→ WHAT YOU NEED TO DO: Exclude all pictures, and reproduce exactly the lines from the one containing "gm☀️国内NFTランキング" through the end of the records, with nothing else added.

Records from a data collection
--------------------------------
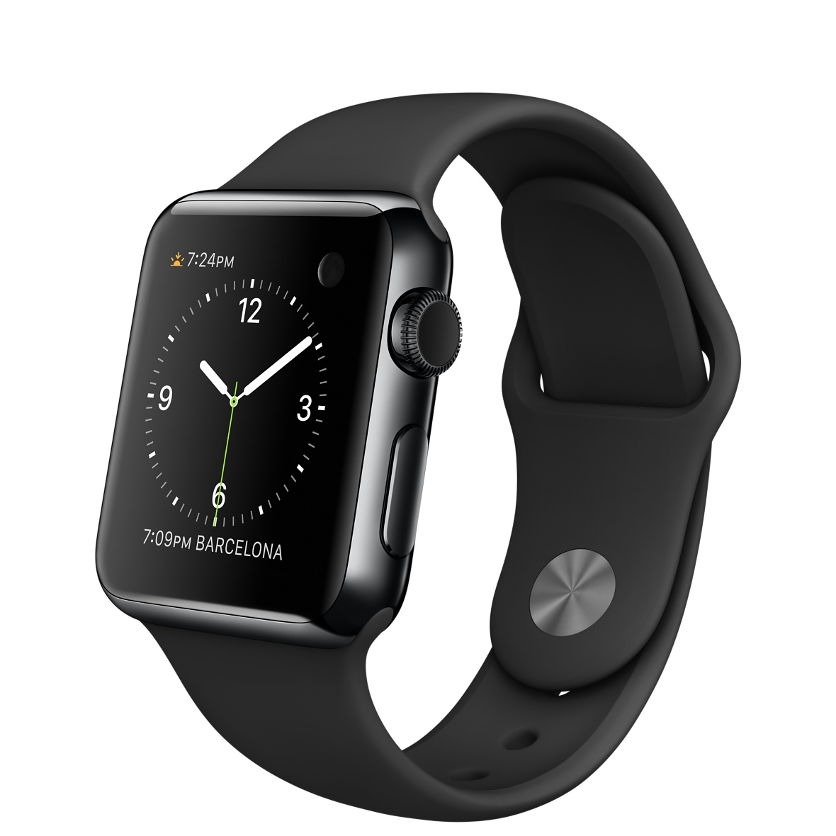 Apple Watch. Цвет корпуса: Черный, Материал корпуса: Нержавеющая сталь, Цвет ремешка: Черный. Емкость RAM: 512 МБ, Флэш-память: 8 ГБ. Wi-Fi стандартов: 802.11b,802.11g,802.11n. Технология батареи: Литий-ионная (Li-Ion), Срок службы батареи: 18 ч, Время работы в режиме разговора: 3 ч. Ширина: 33,3 мм, Глубина: 38,6 мм, Толщина: 1,05 см
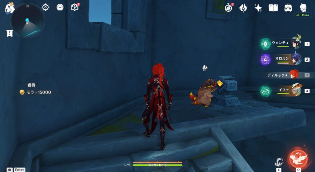 これ最初、元に戻る方法分かんなくてだいぶパニクったぞ…わざわざ1回1回七天神像にワープして解除してましたからね。こういう操作関係の説明をもっとしっかりして欲しいよな…!未だにナタのドラゴンとかスメールの草とかよく分かってないよ…!
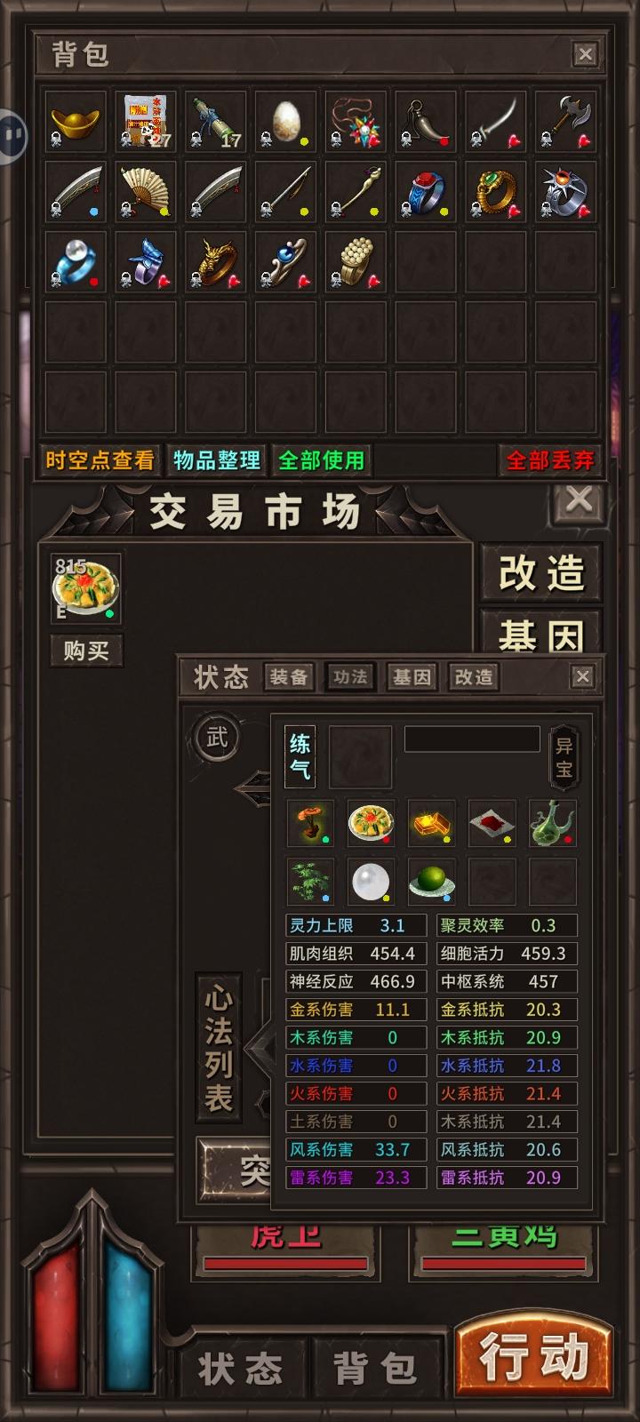 后面的数字是推荐技巧。功法入门详见版内其他人的攻略。大部分功法都试了一遍没找到遗迹的进入条件。金丹的第十个异宝冒似得等下次大更新去商店刷。
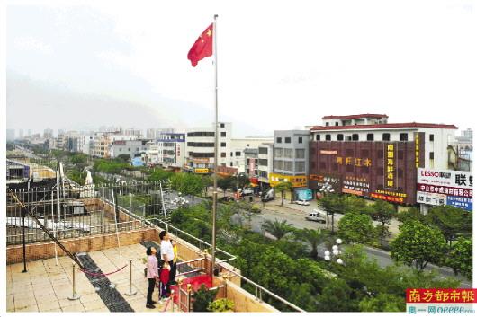 黄圃镇吴惠森老人带领家人在楼顶升起国旗。
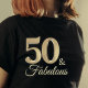 Elegant fifty and fabulous birthday guest of honour t-shirt, gold and black chic lettering and number design.
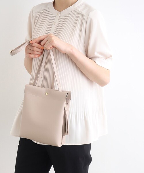 【デザイン】柔らかい軽量のフェイクレザーを使用した、3層に分かれたショルダーバッグです。スクエアのシンプルフォルムでスタイリングい合わせやすく、口が大きく開くの収納しやすいです。軽くてお出かけに便利なサイズ感とポイントでサイドにタッセルが2個付いています。ブラック以外のレザー調の裏面はメタリックになっているので、内装もポイントです。※ポケットなし※照明の関係により、実際よりも色味が違って見える場合があります。また、パソコン・スマートフォンなどの環境により、若干製品と画像のカラーが異なる場合もございます。店舗へのお問い合わせ商品番号:769-09018●製品寸法:00:高さ22cm 幅(上部)20cm 幅(下部)19cm マチ6cm ショルダー対応サイズ64~120cm備考:重量:約270g(サンプル重量)
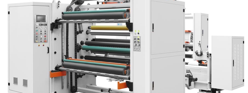 本机适用于各种纸张及不干胶材料的分切复卷,最高分切速度400米/分钟。
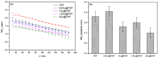As it can be seen in Figure 4, in 180 min under a UV/Vis irradiation, the maximum concentration of ammonia changed in the presence of different photocatalyst samples, i.e., the initial NH3 concentration in the MPWT reactor decreased by different values. To be specific, for the unmodified TNT sample, NH3 concentration decreased 20.8% in comparison to the baseline. As for the Cu-modified samples, the concentration decreased as follows: 0.5Cu@TNT 40.5%, 1Cu@TNT 41.3%, 1.5Cu@TNT 52.4%, and 2Cu@TNT 62.5%. The sample modified with 2 M Cu showed the highest efficiency for the NH3 removal in comparison to the other samples studied in this work.
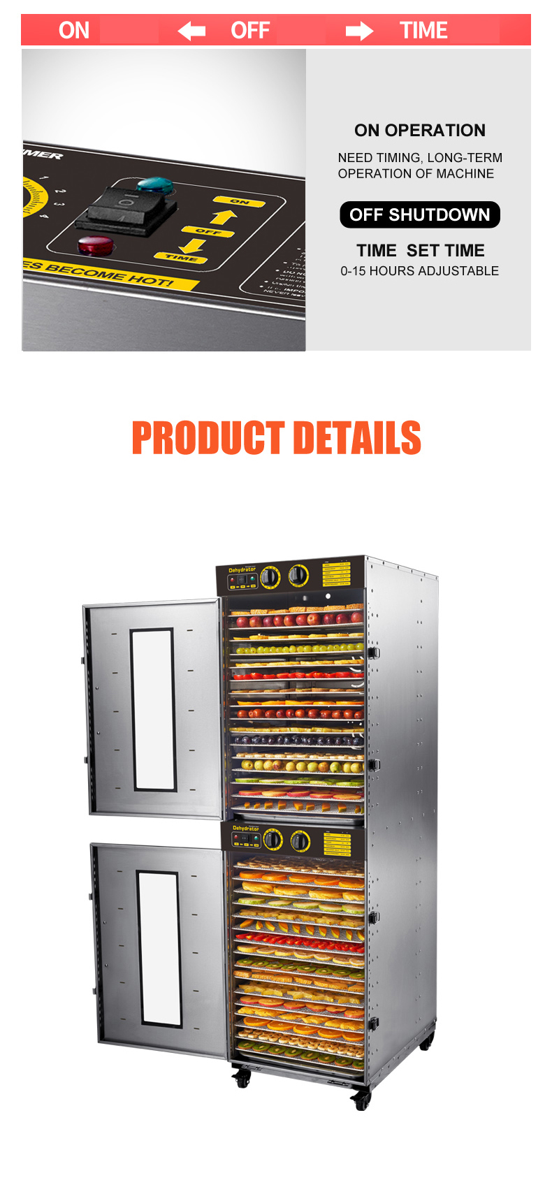 The unit uses simple mechanical knobs for easy operation. It features two independently controlled cabinets so temperature and time can be set separately for each cabinet.
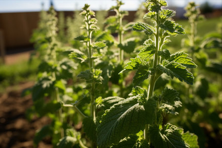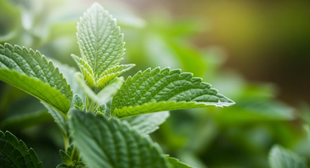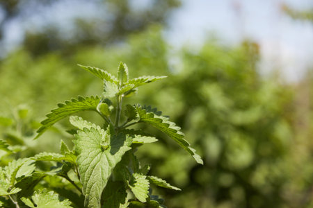 Lemon balm leaves close-up with lush green foliage in a garden setting
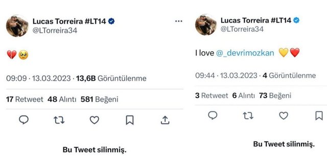 Devrim Özkan'ın bu açıklamasının ardından, Galatasaraylı futbolcu Lucas Torreira'nın sosyal medya hesabından 13 Mart 09:09'da kırık kalp ve ağlayan surat emojilerinin bulunduğu bir tweet paylaşılmıştı. Torreira'nın hesabından 09:44'te de 'Seni seviyorum' ifadeleri kullanılmıştı. Bu tweetler kısa süre içinde silinmişti.
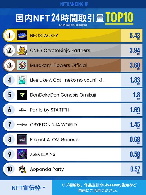 gm☀️国内NFTランキングを更新しました(11位以下はサイトをご確認ください) ✅リプ欄は作品宣伝やGiveawayの告知など自由にご活用ください。
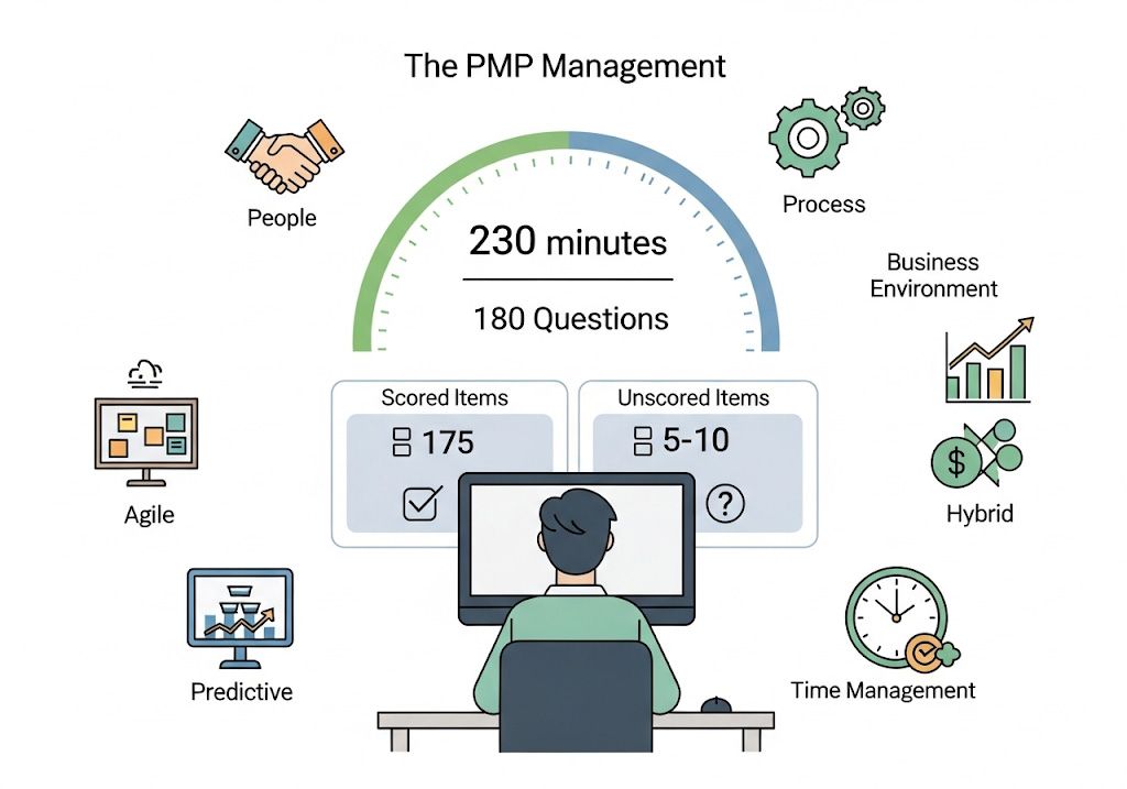 The PMP exam is a 230-minute test consisting of 180 questions, including a mix of scored and unscored items.1 The examination is designed to assess a candidate’s comprehensive understanding of project management across different domains and methodologies.2 To succeed, a candidate must manage not only their time but also the diverse question formats and the proportional content of the test.
--------------------------------
→ THE COMPLETED TASK:
 gm☀️国内NFTランキングを更新しました(11位以下はサイトをご確認ください) ✅リプ欄は作品宣伝やGiveawayの告知など自由にご活用ください。
 The PMP exam is a 230-minute test consisting of 180 questions, including a mix of scored and unscored items.1 The examination is designed to assess a candidate’s comprehensive understanding of project management across different domains and methodologies.2 To succeed, a candidate must manage not only their time but also the diverse question formats and the proportional content of the test.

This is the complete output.